◆ **WORK REQUIRED**
Repeat the listing exactly, minus the pictures.

◆ **RECORDED INFORMATION**
____________

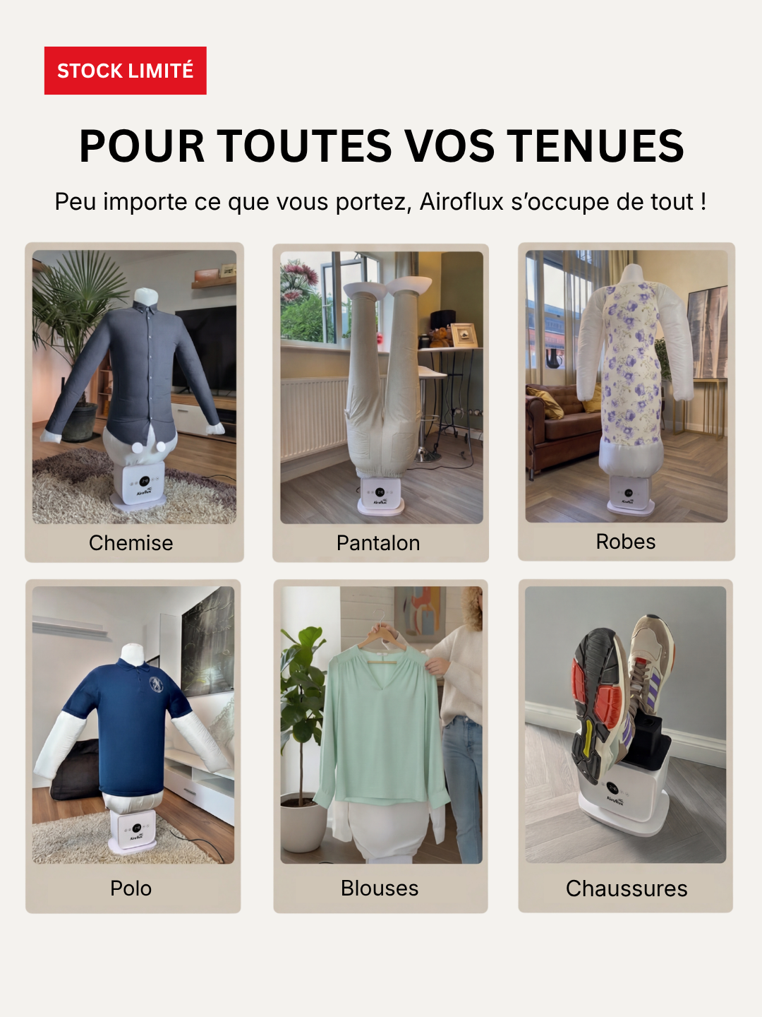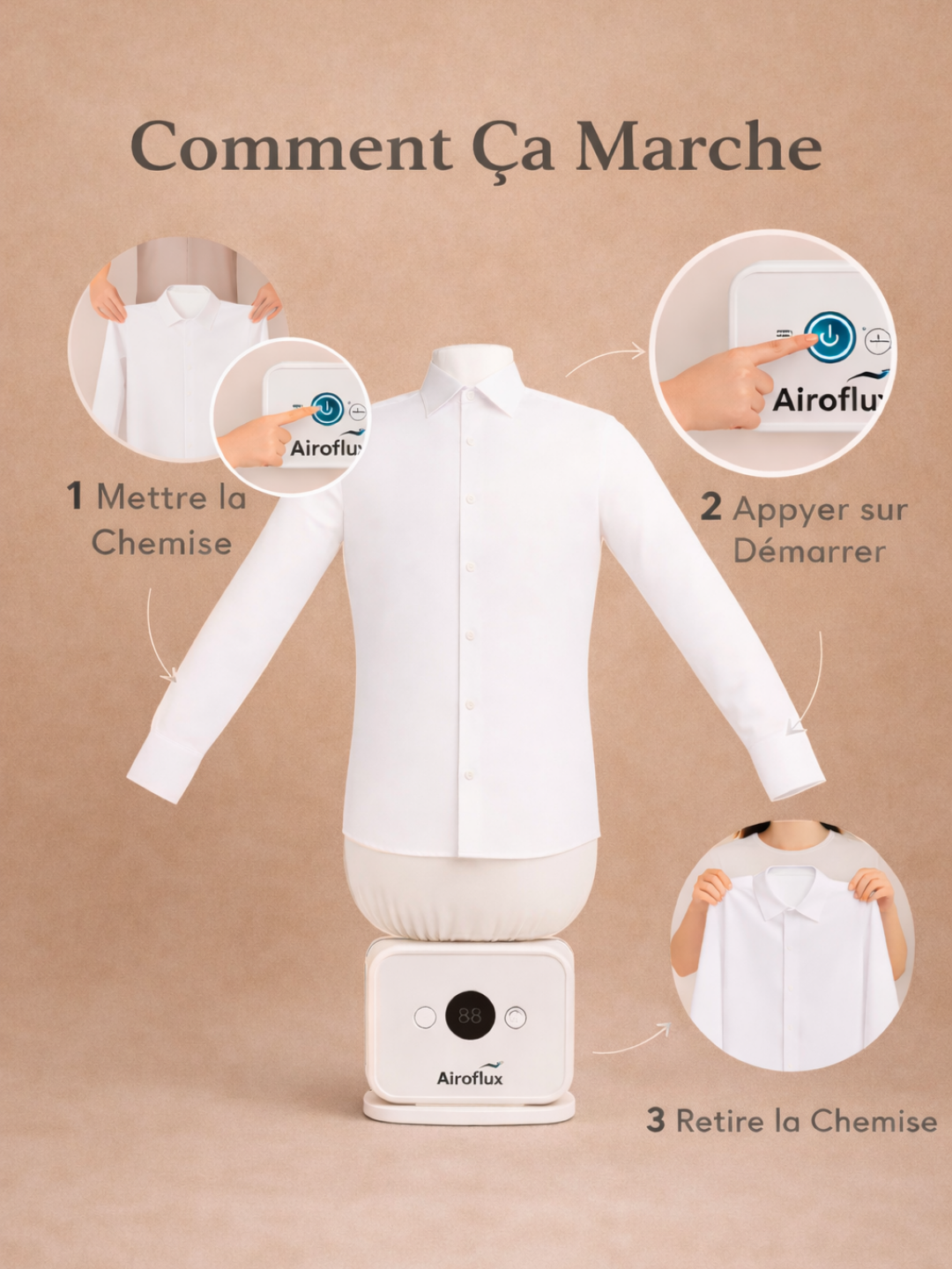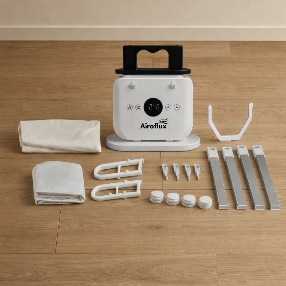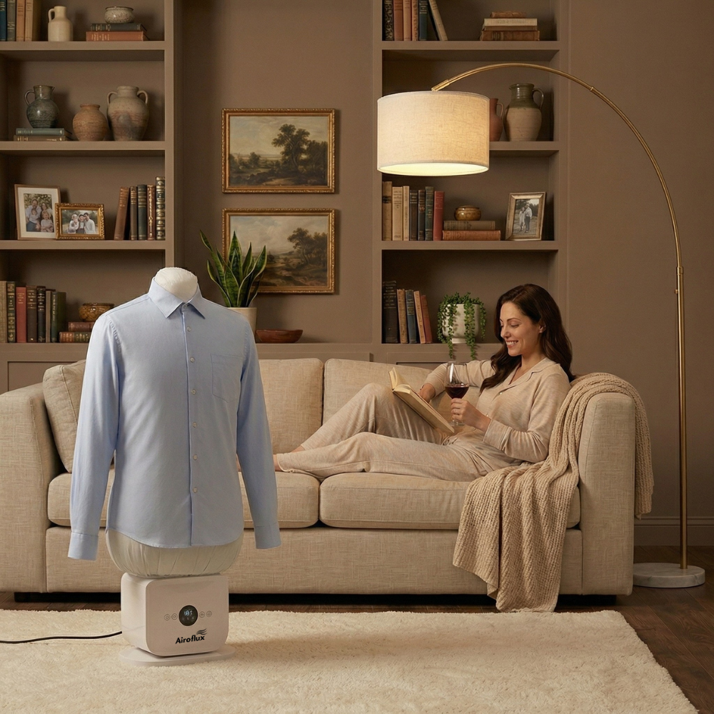 Luxury hotels have used industrial hot-air form tech for decades. No irons (too slow, too risky). No steamers (leave clothes damp). Airoflux uses controlled inflation to stretch fabric taut, apply precise heat, and lock in a crisp press as it dries — now built for your home.
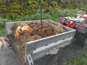 But what to do about the Angelica? Attempting to dig it out again would be depressingly reminiscent of Groundhog Day. There were clumps of it in three of our fields where otherwise there’s excellent grazing. We couldn’t just shut the gates and deny our sheep all that pasture. I thought about cracking open some Glyphosate but I’m not keen on chemicals, plus Angelica likes to grow in soggy soil and I didn’t like the idea of spraying near water. I also reckoned Angelica would need more than one squirt as it’s a pretty vigorous plant. So I had a cup of tea which is always helpful at times like this. Fortunately a few minutes into my cuppa inspiration hit, I would put up some temporary fencing. Sheep netting in other words!
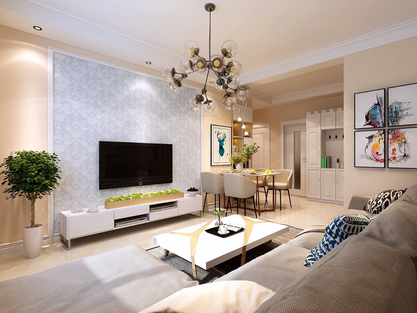 整体以简约为主,背景墙运用了简单线条做框架,中间壁纸做装饰,缩小走廊空间,既增加餐区又多了储物功能

____________

◆ **RESULT**
 Luxury hotels have used industrial hot-air form tech for decades. No irons (too slow, too risky). No steamers (leave clothes damp). Airoflux uses controlled inflation to stretch fabric taut, apply precise heat, and lock in a crisp press as it dries — now built for your home.
 But what to do about the Angelica? Attempting to dig it out again would be depressingly reminiscent of Groundhog Day. There were clumps of it in three of our fields where otherwise there’s excellent grazing. We couldn’t just shut the gates and deny our sheep all that pasture. I thought about cracking open some Glyphosate but I’m not keen on chemicals, plus Angelica likes to grow in soggy soil and I didn’t like the idea of spraying near water. I also reckoned Angelica would need more than one squirt as it’s a pretty vigorous plant. So I had a cup of tea which is always helpful at times like this. Fortunately a few minutes into my cuppa inspiration hit, I would put up some temporary fencing. Sheep netting in other words!
 整体以简约为主,背景墙运用了简单线条做框架,中间壁纸做装饰,缩小走廊空间,既增加餐区又多了储物功能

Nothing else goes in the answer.